Hari berikutnya, 17 Agustus, gerakan belarasa itu langsung berdenyut di Nangaroro. Posko didirikan dengan merangkul segenap elemen lokal — mulai dari Camat Nangaroro Agustinus Egho Wea, Lurah Aleksius Jata bersama stafnya Linda dan Since Lori, hingga mantan Lurah Yosef Mosa. Semangat itu menular kepada kaum muda Nangaroro seperti Andi Dawi, Andi Abolla, Jois Mite dan Yemi Siga, yang bergerak menjadi relawan.
Kasih Persaudaraan
Menurut Valens, membantu warga yang paling terdampak di Nangaroro merupakan langkah awal. Mengapa? Karena mereka paling susah di depan mata dan ia ada bersama mereka. Bukan berarti tempat lain tidak penting, tapi langkah pertama dimulai dulu dengan yang terdekat.
"Yang pasti, menolong sesama yang menderita adalah panggilan nurani, kewajiban moral dan ekspresi kasih persaudaraan. Nah, memelihara kasih persaudaraan adalah motto episkopal Uskup Agung Ende Mgr. Paulus Budi Kleden. Itu mesti kita wujudkan dalam situasi sulit ini. Teman sejati hadir dalam duka, bukan hanya waktu pesta," ujar Valens, mantan frater SVD, yang sejak 2001 menjadi staf khusus Gories Mere.
Ia mengaku mendapat banyak pesan Whatsapp dari para kerabat di luar Nangaroro bahkan di luar Kabupaten Nagekeo, agar mereka juga mendapat perhatian.
"Ya, kita pahami kesulitan mereka. Pak Gories infokan, beliau sedang koordinasi dengan teman-teman di Jakarta untuk tahap selanjutnya di tempat-tempat lain," kata Valens Daki-Soo yang juga sejak 1998 menjadi staf khusus Letjen TNI (Purn) Kiki Syahnakri, mantan Wakil KSAD yang kini Komisaris Utama Bank Artha Graha Internasional.
Ia melanjutkan, setelah sekian lama sering menyokong berbagai kegiatan sosial dan budaya dari berbagai daerah lain, kini saatnya menyentuh tanah kelahiran sendiri yang berada dalam keprihatinan.
"Ada komen kritis bahwa kami jangan hanya perhatikan warga di daerah sendiri. Ya, saya mengerti komen getir macam ini karena semua sedang dalam kesusahan. Saya perlu sampaikan, selama ini Pak Gories baik langsung maupun lewat saya sudah sering mendukung kegiatan sosial-budaya berbagai komunitas dari daerah-daerah NTT di Jakarta. Kali ini kita kasih perhatian kecil untuk daerah sendiri. Tentu, sambil upayakan untuk daerah lain," tutur Valens.
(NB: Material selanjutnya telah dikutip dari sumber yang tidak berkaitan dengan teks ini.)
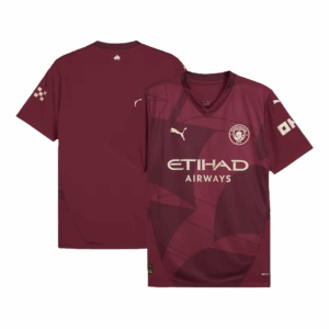 Let me introduce the new Manchester City Jersey Third Away 2024/25, available for size S,M,L,XL,2XL,3XL,4XL. The color combo of the Manchester City jersey is reminiscent of the Umbro 2012-13 away Manchester City kit. This Manchester City jersey will be worn by the club during their Premier League,UEFA Champions League, EFL Cup and FA Cup campaigns in the upcoming season. This Manchester City jersey features a classic burgundy color and metallic gold trim. This ship from the Manchester City badge is a symbol of the club's rich history. This design element represents Manchester City's past, present and future, reflecting the drive and ambition of Manchester. Moisture-wicking technology adds extra breathability and comfort to the Manchester City jersey, so you can wear the Manchester kit for any occasion.
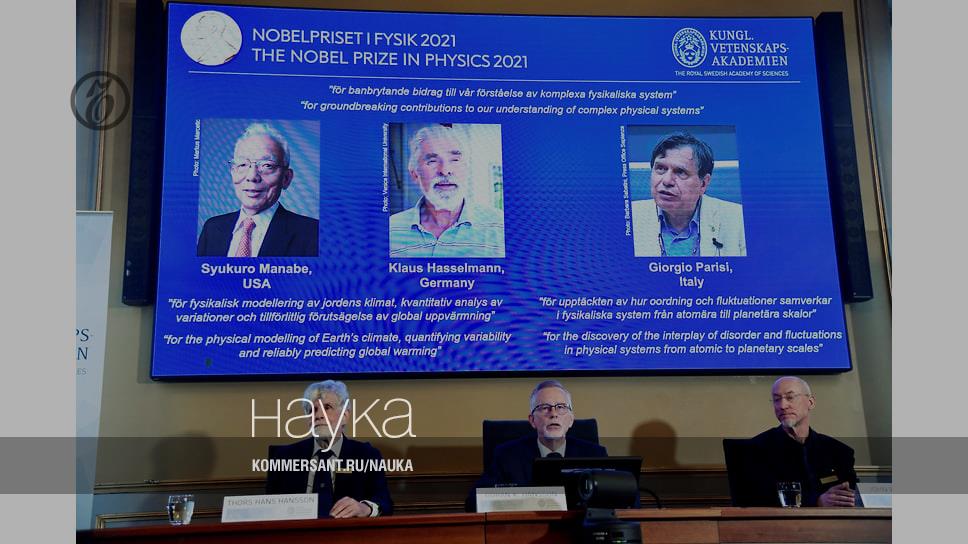 Шведская королевская академия наук объявила имена лауреатов Нобелевской премии по физике в 2021 году. Половину суммы 10 млн шведских крон (около $1,14 млн) разделят между собой Сюкуро Манабэ из США и Клаус Хассельман из Германии. Они получат награду «за физическое моделирование климата Земли, количественную оценку его изменчивости и надежное прогнозирование глобального потепления». Вторая половина суммы присуждена Джорджо Паризи из Италии «за открытие взаимодействия беспорядка и флуктуаций в физических системах от атомных до планетарных масштабов».
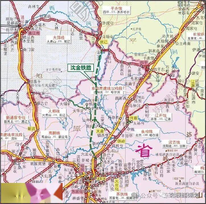 沈金铁路起自沈阳枢纽哈大铁路新城子站,经康平、法库县,接入内蒙古通辽市金宝屯镇的平齐铁路,最终延伸至双辽站。
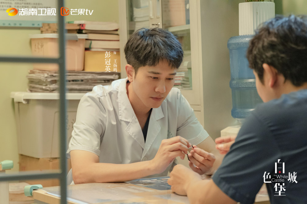 《白色城堡》的王扬鸣工作热情,积极乐观,有事冲在最前面,被“师父”路清奇调侃为“傻大个”。剧集开篇有个情节,王扬鸣和师父聊到篮球时说自己大学时是篮球队的主力替补,遭到了师父的鄙视,觉得白瞎了这么高的个儿了。实际上,这句台词是彭冠英修改的,原剧本里写王扬鸣是篮球队的主力。“我给改成了主力替补,觉得这样更符合王扬鸣的人物调性。虽然没有稳定的上场时间,但只要机会到来他一定会冲上去紧紧把握住。因为他有使命感,愿意去承担责任。这是我在创作过程里赋予角色的特点,也跟他在医院的所作所为非常吻合。”
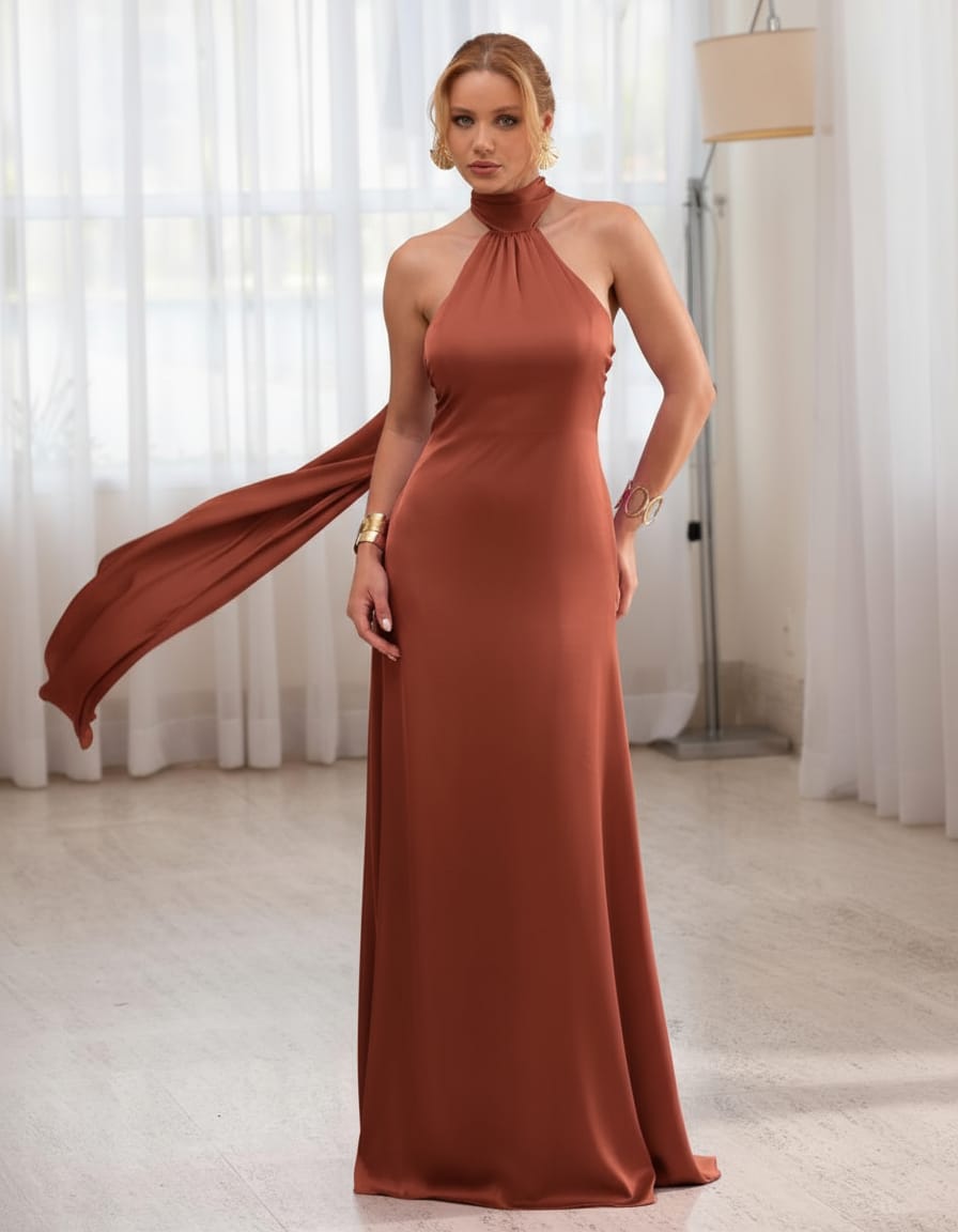 VESTIDO LONGO GOLA ALTA SEDA COM AMARRAÇÃO TERRACOTA

Camat Agustinus Egho Wea menyampaikan rasa terima kasih dan apresiasi.
"Atas nama warga saya sampaikan terima kasih banyak kepada Bapak Gories dan Pak VDS. Kami merasa sangat terbantu karena ini merupakan posko bantuan pertama di Kecamatan Nangaroro, di saat warga berada dalam kesulitan besar," ungkapnya.